Although the records include pictures, the copy should not; write out exactly the lines from the first through the line with "That petition was".
● ● ● ● ● ● ●
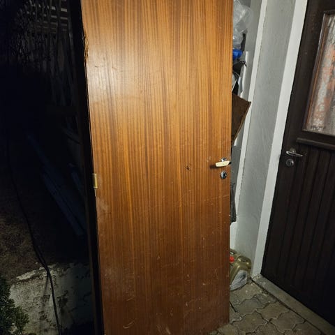 2 dører «vanlig» (uten karm h 204,7, b 72,8) m/ svart håndtak. 1 høyrehengslet, 1 vensvenstrehengslet.
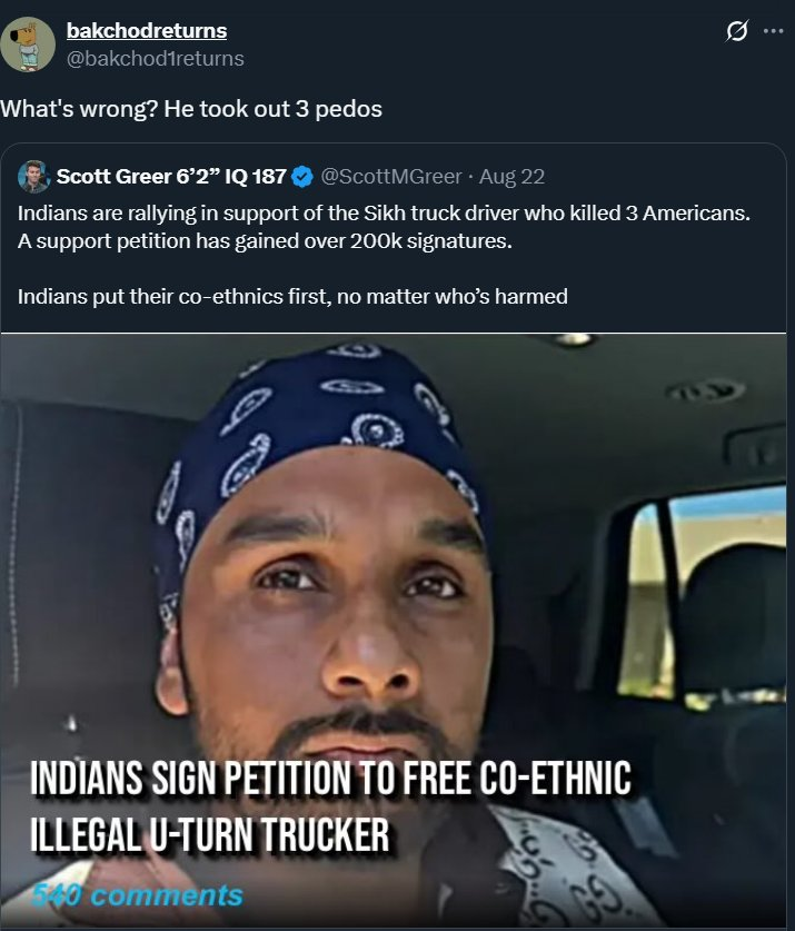 That petition was started by the “ASSHOLES of Punjabi” or something like that. We had these curry eaters in all the time at a truck shop. Cabs stunk to high heaven and one even cut a hole in the floor board and was pissing through it. The shop manager refused to work on his truck, guy was calling him all kinds of stuff we didnt understand.
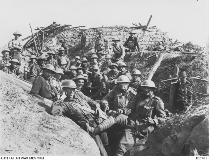 MEMBERS OF 50th BATTALION IN AN OLD TRENCH AT ZONNEBEKE, SEPTEMBER 1917. Image courtesy of the Australian War Memorial. https://www.awm.gov.au/collection/E00761/
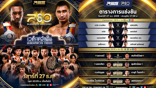 RWS เปิดโผ 8 คู่มวยสุดเดือด เตรียมระเบิดศึกใหญ่ Rajadamnern R80 Anniversary ฉลองครบรอบ 80 ปีสนามมวยเวทีราชดำเนิน วันเสาร์ที่ 27 ธันวาคมนี้ จัดเต็มโบนัสรวมสูงสุดกว่า 8 ล้านบาท แจกทุกคู่ที่ขึ้นสังเวียน
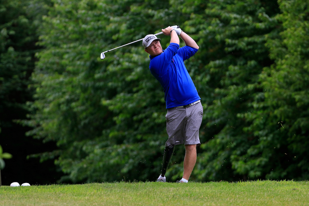Foyle’s Declan Burns leads the Stableford (Net) competition. The Stableford format is for players competing with a Handicap Index of 18.5 or higher. Burns is on 42 points, four clear of Paralympic legend Michael McKillop. The Cushendall golfer is on 38 points.
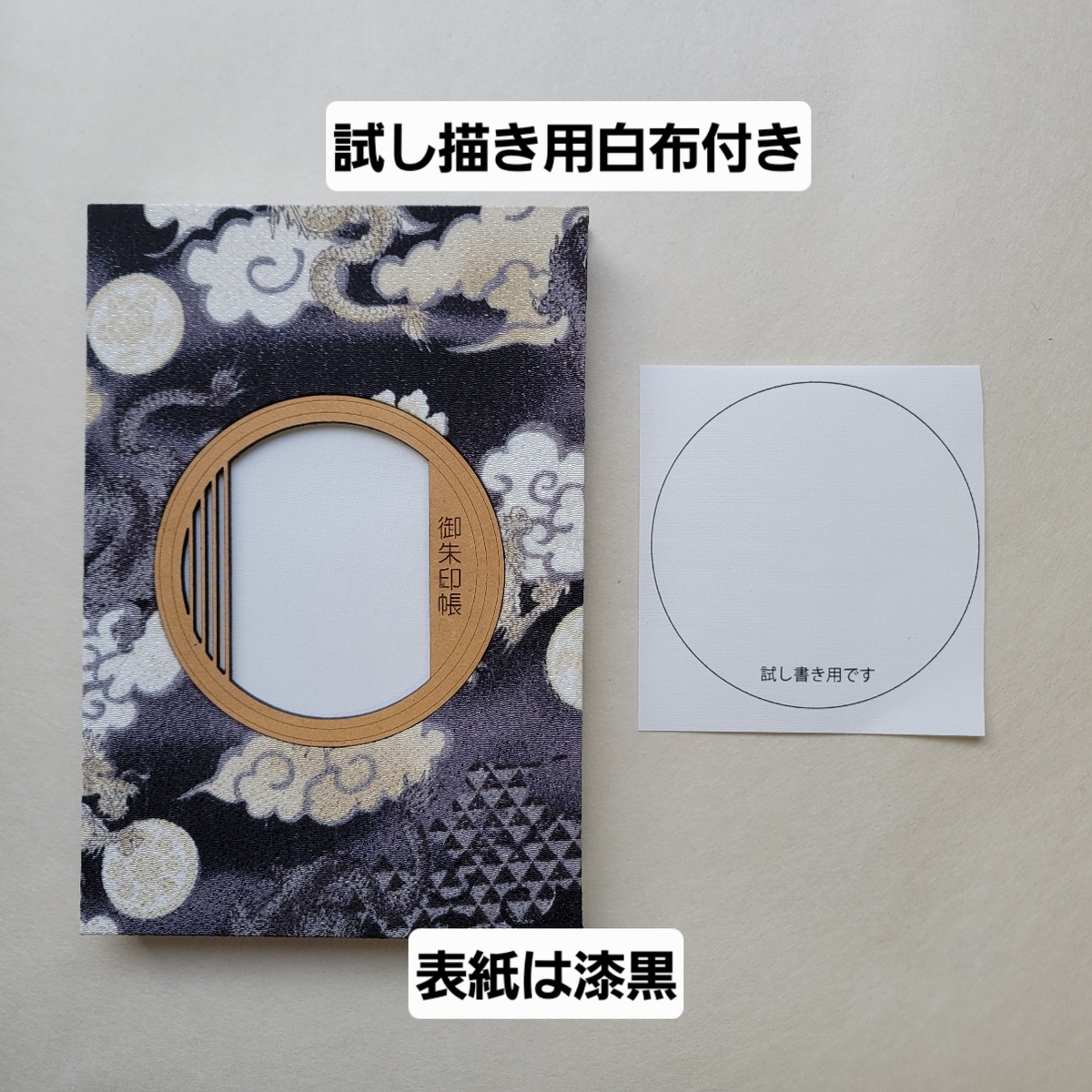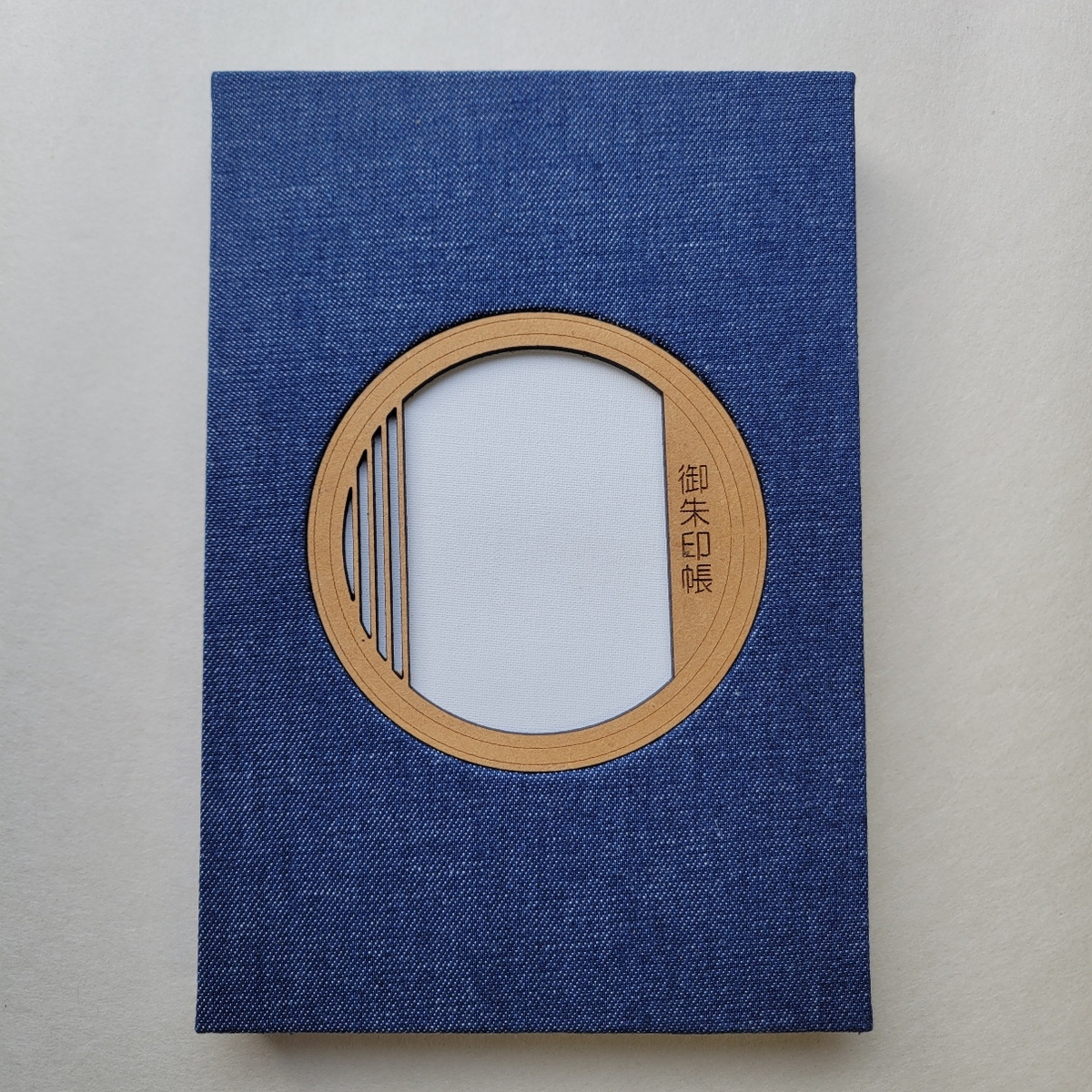 手触りの良いおにちりめんの表紙に木枠の丸窓をはめ込んだ御朱印帳です。窓の中は自分で描けるように無地の白い布が貼ってあります。木枠は左に格子、右に「御朱印帳」のタイトルが彫刻されたデザイン。自由な発想でオリジナルの御朱印帳を作ってみませんか?油性のペンで描けます。油性ペンは付いておりません。試し書き用の布が附属していますので他の筆記具などでテストもできます。表紙の色は10色以上あります。中は日本製の奉書紙のじゃばら式折本(24折48頁)で一般的な御朱印帳の大判サイズです。
● ● ● ● ● ● ●
» **SOLUTION TO THIS TASK**:
 2 dører «vanlig» (uten karm h 204,7, b 72,8) m/ svart håndtak. 1 høyrehengslet, 1 vensvenstrehengslet.
 That petition was started by the “ASSHOLES of Punjabi” or something like that. We had these curry eaters in all the time at a truck shop. Cabs stunk to high heaven and one even cut a hole in the floor board and was pissing through it. The shop manager refused to work on his truck, guy was calling him all kinds of stuff we didnt understand.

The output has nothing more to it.